Directions for this task:
In the listing below, locate the line with "Chlapčenské rifle zn." and the line with "洗面所の吊り戸棚に浮かせて取", then output both and everything between them exactly, minus any pictures.

Information:
★ ★ ★ ★
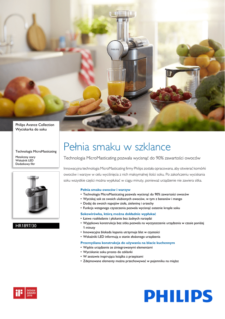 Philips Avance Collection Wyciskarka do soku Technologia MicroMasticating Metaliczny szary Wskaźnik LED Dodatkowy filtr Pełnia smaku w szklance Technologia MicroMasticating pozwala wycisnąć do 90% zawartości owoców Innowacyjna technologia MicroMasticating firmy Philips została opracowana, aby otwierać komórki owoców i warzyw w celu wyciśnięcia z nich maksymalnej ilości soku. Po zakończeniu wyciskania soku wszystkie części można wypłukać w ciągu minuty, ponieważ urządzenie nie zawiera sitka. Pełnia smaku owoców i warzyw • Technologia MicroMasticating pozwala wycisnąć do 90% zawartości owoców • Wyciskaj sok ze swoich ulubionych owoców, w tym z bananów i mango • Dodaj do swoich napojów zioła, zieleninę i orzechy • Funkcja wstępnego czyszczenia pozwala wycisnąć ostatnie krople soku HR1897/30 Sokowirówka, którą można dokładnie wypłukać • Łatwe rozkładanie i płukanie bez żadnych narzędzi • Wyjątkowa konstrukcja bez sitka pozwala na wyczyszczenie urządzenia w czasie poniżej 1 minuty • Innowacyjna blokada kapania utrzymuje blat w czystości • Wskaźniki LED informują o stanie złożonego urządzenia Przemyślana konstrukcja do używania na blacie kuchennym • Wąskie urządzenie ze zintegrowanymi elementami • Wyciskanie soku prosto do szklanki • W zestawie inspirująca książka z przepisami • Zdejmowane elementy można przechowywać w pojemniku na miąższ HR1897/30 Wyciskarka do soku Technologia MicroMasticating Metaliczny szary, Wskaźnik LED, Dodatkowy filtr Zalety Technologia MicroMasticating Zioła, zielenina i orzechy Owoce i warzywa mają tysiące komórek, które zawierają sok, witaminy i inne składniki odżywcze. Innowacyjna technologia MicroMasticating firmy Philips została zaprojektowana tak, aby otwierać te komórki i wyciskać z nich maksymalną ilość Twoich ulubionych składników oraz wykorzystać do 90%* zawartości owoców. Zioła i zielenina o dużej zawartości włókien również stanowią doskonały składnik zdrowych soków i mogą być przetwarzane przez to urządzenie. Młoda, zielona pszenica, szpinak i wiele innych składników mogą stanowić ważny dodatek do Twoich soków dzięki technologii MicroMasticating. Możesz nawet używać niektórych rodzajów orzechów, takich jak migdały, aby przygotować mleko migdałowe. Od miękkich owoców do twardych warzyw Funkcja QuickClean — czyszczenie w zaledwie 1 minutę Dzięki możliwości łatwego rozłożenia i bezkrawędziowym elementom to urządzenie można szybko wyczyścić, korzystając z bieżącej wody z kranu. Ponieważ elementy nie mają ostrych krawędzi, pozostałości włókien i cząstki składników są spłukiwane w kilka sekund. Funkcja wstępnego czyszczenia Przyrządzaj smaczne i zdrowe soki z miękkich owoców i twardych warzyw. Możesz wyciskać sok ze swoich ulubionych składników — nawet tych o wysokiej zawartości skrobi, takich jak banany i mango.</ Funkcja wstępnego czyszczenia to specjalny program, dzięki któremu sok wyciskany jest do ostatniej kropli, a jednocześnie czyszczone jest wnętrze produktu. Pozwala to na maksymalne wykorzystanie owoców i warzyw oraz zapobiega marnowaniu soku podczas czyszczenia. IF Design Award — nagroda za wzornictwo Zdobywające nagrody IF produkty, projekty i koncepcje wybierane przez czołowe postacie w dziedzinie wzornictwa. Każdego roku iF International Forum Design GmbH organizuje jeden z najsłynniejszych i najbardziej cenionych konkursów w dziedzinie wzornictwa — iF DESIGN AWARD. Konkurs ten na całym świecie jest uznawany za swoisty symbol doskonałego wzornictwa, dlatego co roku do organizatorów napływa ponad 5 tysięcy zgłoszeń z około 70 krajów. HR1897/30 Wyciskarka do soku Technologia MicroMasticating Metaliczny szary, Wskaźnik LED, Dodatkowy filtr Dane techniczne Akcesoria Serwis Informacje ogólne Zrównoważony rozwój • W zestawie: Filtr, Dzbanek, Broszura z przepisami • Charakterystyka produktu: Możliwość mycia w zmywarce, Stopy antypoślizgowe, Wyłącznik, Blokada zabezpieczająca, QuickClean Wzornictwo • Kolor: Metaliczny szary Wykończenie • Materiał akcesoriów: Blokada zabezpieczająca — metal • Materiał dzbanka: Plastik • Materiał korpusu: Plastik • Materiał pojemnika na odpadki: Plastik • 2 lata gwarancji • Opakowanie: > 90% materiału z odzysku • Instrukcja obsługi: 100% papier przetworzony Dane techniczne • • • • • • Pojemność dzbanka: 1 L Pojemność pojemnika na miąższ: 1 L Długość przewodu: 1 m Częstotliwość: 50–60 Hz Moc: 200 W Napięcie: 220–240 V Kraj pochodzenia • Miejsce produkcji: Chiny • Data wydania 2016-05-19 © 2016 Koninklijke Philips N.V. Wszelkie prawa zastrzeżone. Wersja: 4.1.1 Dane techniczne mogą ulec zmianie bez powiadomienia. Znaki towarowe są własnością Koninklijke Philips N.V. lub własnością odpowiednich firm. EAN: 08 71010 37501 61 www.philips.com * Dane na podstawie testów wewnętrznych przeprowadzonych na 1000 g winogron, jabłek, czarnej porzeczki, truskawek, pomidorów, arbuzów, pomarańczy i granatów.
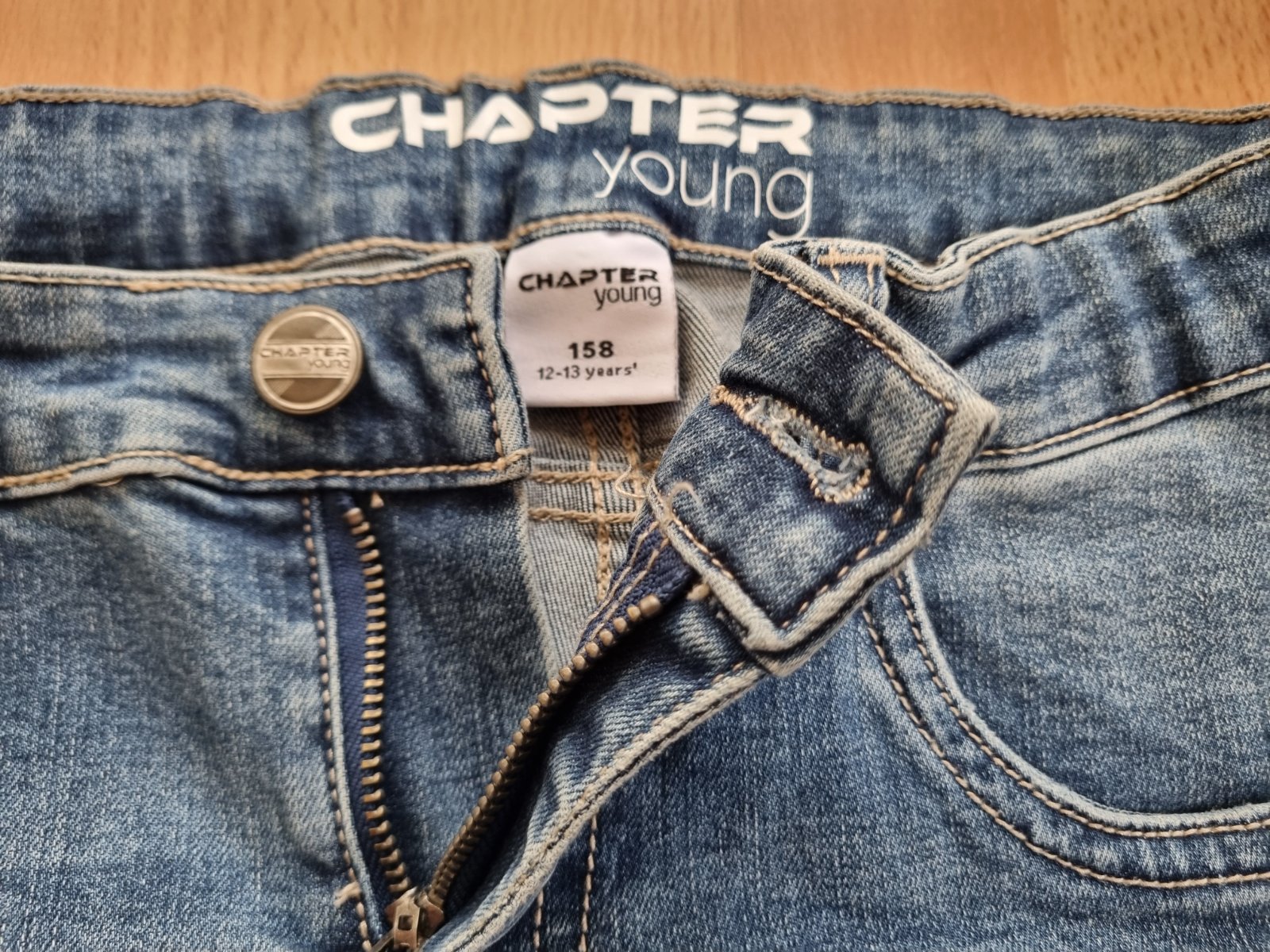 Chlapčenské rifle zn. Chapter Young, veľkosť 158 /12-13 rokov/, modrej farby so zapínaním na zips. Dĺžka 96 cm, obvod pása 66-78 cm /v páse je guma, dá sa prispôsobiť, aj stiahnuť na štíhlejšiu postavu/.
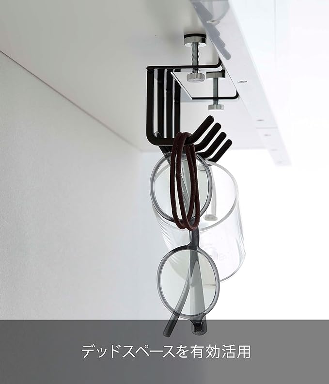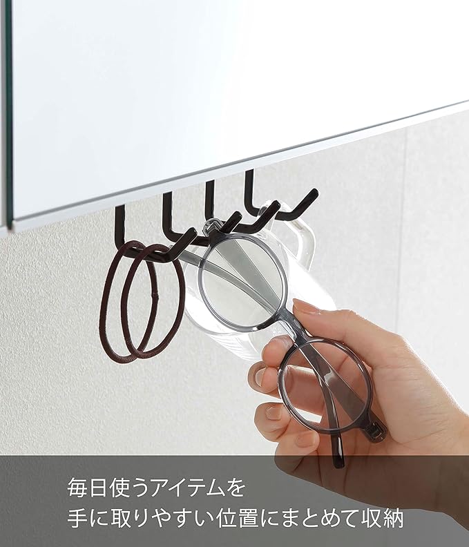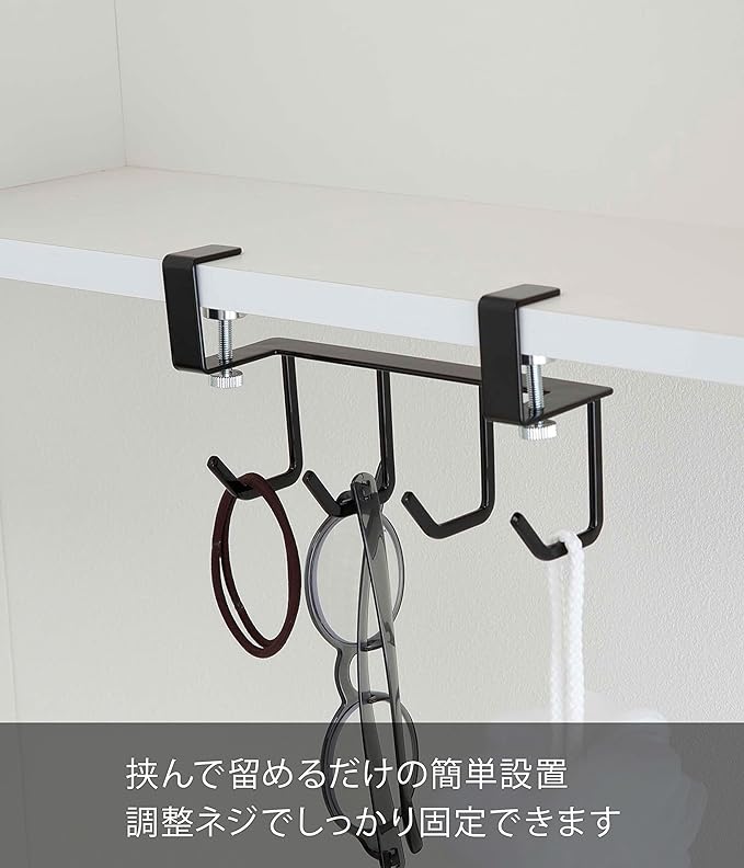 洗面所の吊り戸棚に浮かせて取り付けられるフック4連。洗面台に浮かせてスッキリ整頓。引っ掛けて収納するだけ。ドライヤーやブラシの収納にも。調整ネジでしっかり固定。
★ ★ ★ ★
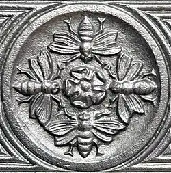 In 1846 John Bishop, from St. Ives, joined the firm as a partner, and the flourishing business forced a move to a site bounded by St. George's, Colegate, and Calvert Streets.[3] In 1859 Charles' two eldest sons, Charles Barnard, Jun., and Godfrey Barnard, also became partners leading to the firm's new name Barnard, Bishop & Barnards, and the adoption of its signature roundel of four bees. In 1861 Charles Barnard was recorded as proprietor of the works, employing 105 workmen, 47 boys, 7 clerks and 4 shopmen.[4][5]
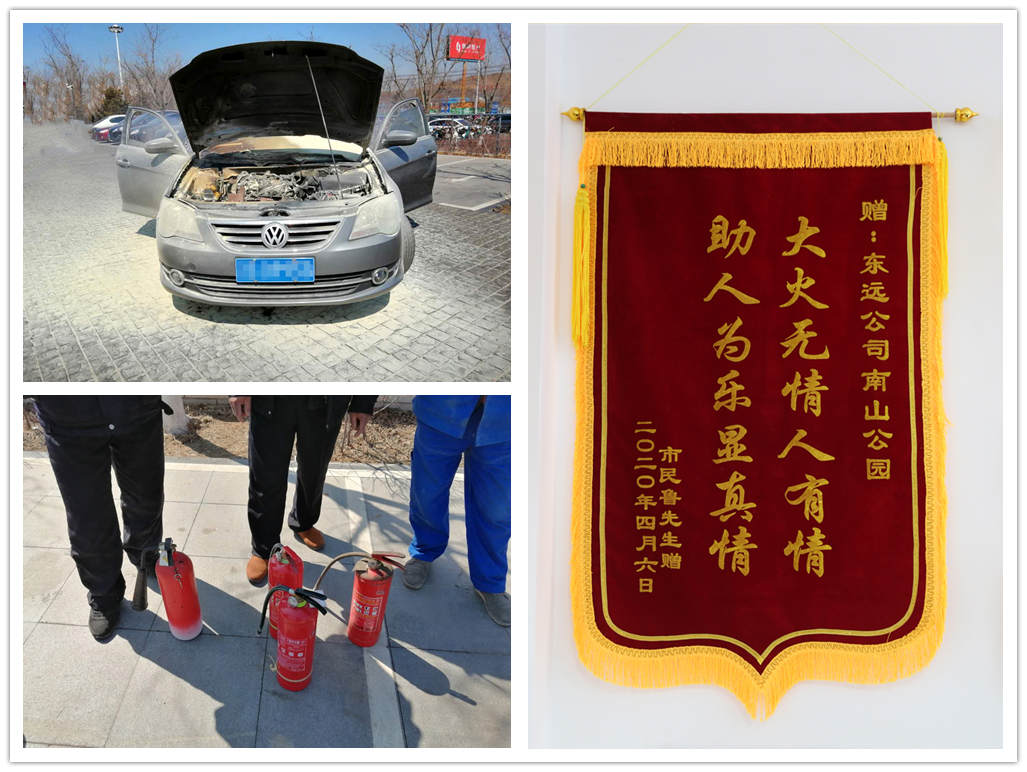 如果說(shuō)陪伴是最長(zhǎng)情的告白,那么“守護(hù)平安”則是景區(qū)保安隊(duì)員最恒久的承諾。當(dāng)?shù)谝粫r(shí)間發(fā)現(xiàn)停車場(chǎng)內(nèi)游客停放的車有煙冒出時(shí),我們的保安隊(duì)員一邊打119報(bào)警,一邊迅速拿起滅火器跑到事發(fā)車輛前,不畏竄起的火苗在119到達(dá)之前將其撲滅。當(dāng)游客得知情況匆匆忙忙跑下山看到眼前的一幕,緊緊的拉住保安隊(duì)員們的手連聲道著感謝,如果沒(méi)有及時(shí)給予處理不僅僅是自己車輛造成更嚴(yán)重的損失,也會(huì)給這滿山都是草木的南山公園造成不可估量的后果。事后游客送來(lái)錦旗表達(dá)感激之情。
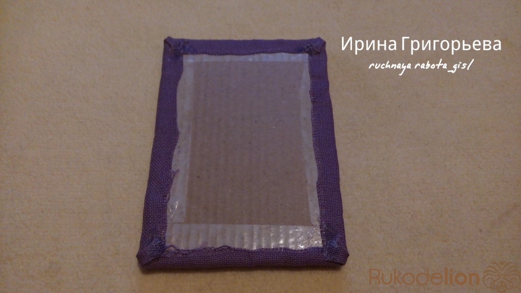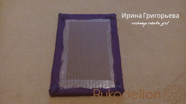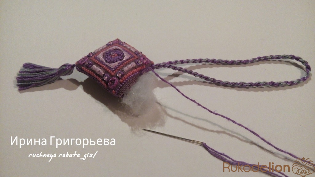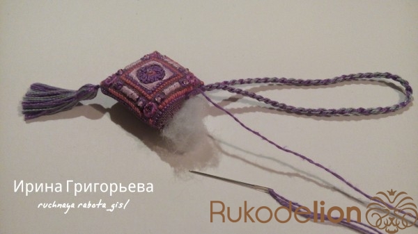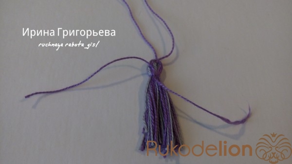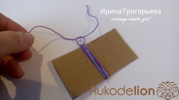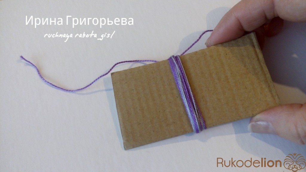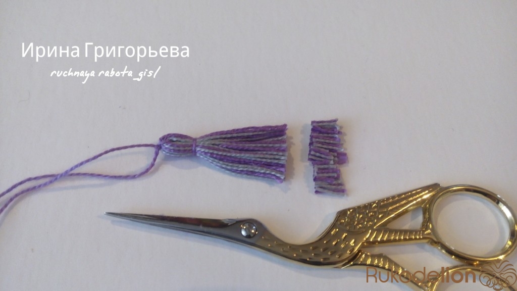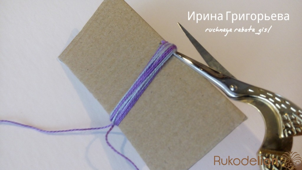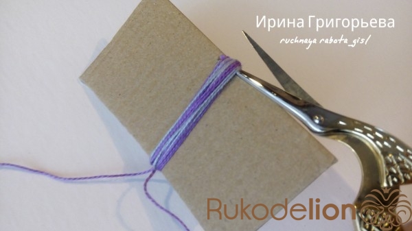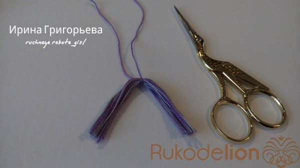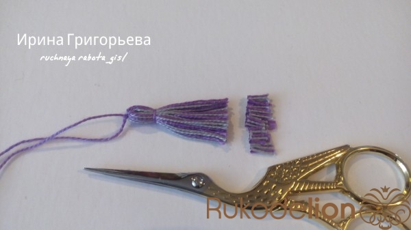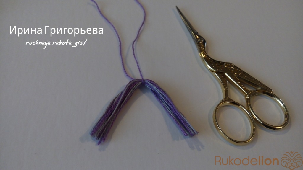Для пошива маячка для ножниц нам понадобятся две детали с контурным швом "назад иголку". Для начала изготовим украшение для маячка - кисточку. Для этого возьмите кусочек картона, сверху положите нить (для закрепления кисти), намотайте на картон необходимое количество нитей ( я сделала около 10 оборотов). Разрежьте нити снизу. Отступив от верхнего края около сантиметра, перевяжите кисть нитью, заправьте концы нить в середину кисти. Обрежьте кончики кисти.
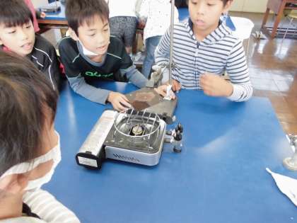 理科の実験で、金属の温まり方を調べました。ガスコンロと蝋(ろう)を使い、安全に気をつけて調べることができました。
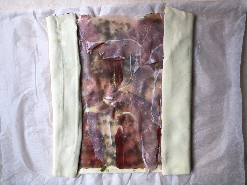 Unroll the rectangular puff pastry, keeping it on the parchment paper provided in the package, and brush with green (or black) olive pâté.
★ ★ ★ ★
Exercise solution:
 Chlapčenské rifle zn. Chapter Young, veľkosť 158 /12-13 rokov/, modrej farby so zapínaním na zips. Dĺžka 96 cm, obvod pása 66-78 cm /v páse je guma, dá sa prispôsobiť, aj stiahnuť na štíhlejšiu postavu/.
 洗面所の吊り戸棚に浮かせて取り付けられるフック4連。洗面台に浮かせてスッキリ整頓。引っ掛けて収納するだけ。ドライヤーやブラシの収納にも。調整ネジでしっかり固定。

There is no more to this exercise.